● Input:
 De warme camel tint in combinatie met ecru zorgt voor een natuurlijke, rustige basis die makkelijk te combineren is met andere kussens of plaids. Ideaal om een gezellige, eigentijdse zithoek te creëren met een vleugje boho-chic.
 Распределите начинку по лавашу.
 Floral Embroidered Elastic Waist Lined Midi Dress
--
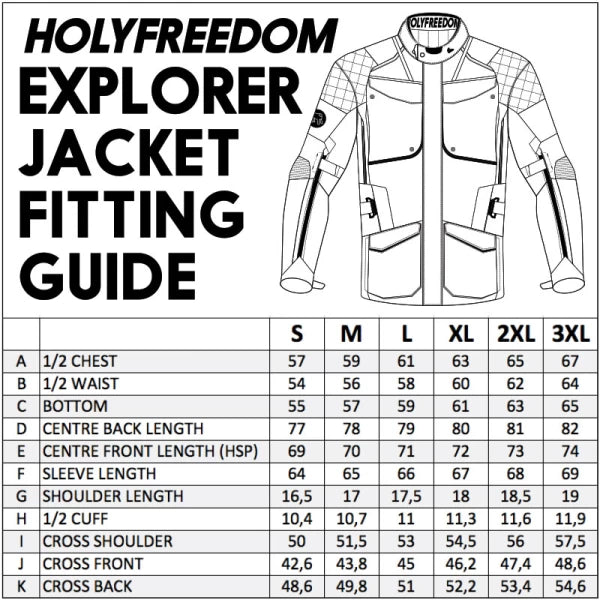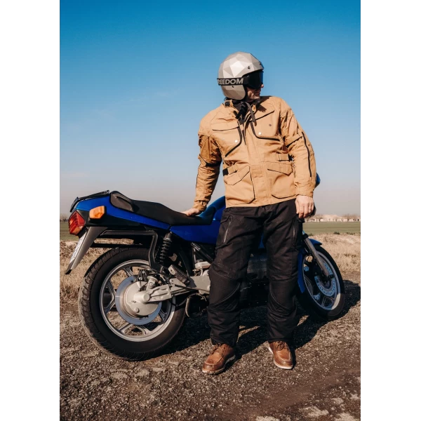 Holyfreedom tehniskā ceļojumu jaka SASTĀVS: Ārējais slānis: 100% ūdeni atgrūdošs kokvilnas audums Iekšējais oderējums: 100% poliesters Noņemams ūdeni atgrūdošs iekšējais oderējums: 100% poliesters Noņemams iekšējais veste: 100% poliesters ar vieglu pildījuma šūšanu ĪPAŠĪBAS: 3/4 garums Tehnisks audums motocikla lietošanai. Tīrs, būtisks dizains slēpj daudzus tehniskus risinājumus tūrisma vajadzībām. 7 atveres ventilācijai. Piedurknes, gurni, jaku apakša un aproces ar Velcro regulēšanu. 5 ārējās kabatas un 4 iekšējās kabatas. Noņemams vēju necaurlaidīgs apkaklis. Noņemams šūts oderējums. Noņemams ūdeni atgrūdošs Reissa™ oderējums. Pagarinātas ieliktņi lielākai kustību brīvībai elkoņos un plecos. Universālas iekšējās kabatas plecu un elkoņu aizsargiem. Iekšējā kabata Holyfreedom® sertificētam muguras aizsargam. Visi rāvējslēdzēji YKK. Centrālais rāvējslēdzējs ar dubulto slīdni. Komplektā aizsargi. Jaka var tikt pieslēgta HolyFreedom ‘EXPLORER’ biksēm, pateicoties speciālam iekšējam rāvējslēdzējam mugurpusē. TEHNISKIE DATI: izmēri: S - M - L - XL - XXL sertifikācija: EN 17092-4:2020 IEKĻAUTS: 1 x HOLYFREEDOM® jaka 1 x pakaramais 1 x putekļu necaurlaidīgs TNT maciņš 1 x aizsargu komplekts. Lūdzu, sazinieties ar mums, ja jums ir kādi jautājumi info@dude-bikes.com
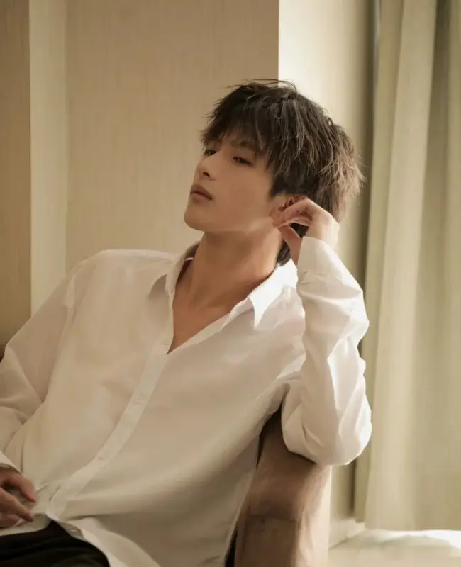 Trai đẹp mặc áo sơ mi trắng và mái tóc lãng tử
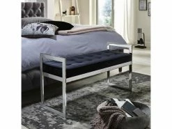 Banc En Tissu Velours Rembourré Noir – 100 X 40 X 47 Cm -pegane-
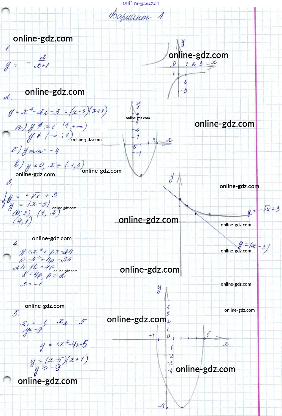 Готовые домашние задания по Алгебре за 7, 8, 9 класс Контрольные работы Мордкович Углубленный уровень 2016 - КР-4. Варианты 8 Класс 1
---
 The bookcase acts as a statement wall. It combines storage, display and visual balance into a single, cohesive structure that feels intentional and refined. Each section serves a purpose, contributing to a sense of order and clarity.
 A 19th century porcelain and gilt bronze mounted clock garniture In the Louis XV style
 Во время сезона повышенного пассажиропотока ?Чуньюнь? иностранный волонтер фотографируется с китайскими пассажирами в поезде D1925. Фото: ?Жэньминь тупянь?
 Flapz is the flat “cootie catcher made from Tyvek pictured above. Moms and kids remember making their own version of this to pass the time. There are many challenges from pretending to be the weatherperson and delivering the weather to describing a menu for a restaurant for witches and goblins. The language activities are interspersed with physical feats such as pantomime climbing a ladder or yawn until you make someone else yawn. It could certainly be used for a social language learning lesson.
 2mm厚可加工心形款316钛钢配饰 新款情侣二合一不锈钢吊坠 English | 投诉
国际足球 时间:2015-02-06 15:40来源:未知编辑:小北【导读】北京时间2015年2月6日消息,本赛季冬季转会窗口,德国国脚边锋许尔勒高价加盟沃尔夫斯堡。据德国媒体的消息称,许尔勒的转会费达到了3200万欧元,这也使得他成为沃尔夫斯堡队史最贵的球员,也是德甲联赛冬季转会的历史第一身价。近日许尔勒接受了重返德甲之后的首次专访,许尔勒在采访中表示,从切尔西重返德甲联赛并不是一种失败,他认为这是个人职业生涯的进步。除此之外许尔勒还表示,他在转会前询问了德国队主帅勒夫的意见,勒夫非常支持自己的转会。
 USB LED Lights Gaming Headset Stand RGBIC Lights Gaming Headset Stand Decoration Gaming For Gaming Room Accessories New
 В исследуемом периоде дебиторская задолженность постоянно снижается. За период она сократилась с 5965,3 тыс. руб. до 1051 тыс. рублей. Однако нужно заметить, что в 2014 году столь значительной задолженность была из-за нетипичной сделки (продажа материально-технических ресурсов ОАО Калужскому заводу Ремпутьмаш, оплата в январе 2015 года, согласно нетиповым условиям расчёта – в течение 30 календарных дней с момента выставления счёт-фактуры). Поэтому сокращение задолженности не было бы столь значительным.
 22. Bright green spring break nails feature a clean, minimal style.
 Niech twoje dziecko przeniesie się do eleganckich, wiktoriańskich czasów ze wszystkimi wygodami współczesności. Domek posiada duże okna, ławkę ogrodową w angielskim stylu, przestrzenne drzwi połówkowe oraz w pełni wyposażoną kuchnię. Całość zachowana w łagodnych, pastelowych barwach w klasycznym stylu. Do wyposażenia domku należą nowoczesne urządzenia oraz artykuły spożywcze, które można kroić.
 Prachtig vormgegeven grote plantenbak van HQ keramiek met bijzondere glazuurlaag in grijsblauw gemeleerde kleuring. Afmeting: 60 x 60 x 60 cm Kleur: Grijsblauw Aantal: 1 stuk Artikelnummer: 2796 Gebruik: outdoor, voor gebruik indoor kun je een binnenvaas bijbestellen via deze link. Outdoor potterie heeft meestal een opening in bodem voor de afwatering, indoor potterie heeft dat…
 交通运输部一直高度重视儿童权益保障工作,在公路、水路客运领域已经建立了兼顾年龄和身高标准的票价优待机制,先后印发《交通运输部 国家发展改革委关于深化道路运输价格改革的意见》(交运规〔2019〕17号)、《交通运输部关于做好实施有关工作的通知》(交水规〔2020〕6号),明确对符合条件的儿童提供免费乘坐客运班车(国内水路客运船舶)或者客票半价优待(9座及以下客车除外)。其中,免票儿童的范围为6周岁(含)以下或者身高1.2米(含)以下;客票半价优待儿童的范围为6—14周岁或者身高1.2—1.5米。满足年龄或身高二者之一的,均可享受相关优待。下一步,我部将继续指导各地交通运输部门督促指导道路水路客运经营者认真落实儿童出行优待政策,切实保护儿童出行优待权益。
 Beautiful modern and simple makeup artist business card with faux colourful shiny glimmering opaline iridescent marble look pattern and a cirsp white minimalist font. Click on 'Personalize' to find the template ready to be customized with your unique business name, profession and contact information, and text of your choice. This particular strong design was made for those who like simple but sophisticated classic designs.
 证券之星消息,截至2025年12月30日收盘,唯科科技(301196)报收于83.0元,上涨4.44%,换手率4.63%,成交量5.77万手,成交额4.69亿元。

● Task brief: Starting at the line above that holds "De warme camel" and ending at the line that holds "Floral Embroidered Elastic", transcribe each line exactly and include no other lines.

● Your response:
 De warme camel tint in combinatie met ecru zorgt voor een natuurlijke, rustige basis die makkelijk te combineren is met andere kussens of plaids. Ideaal om een gezellige, eigentijdse zithoek te creëren met een vleugje boho-chic.
 Распределите начинку по лавашу.
 Floral Embroidered Elastic Waist Lined Midi Dress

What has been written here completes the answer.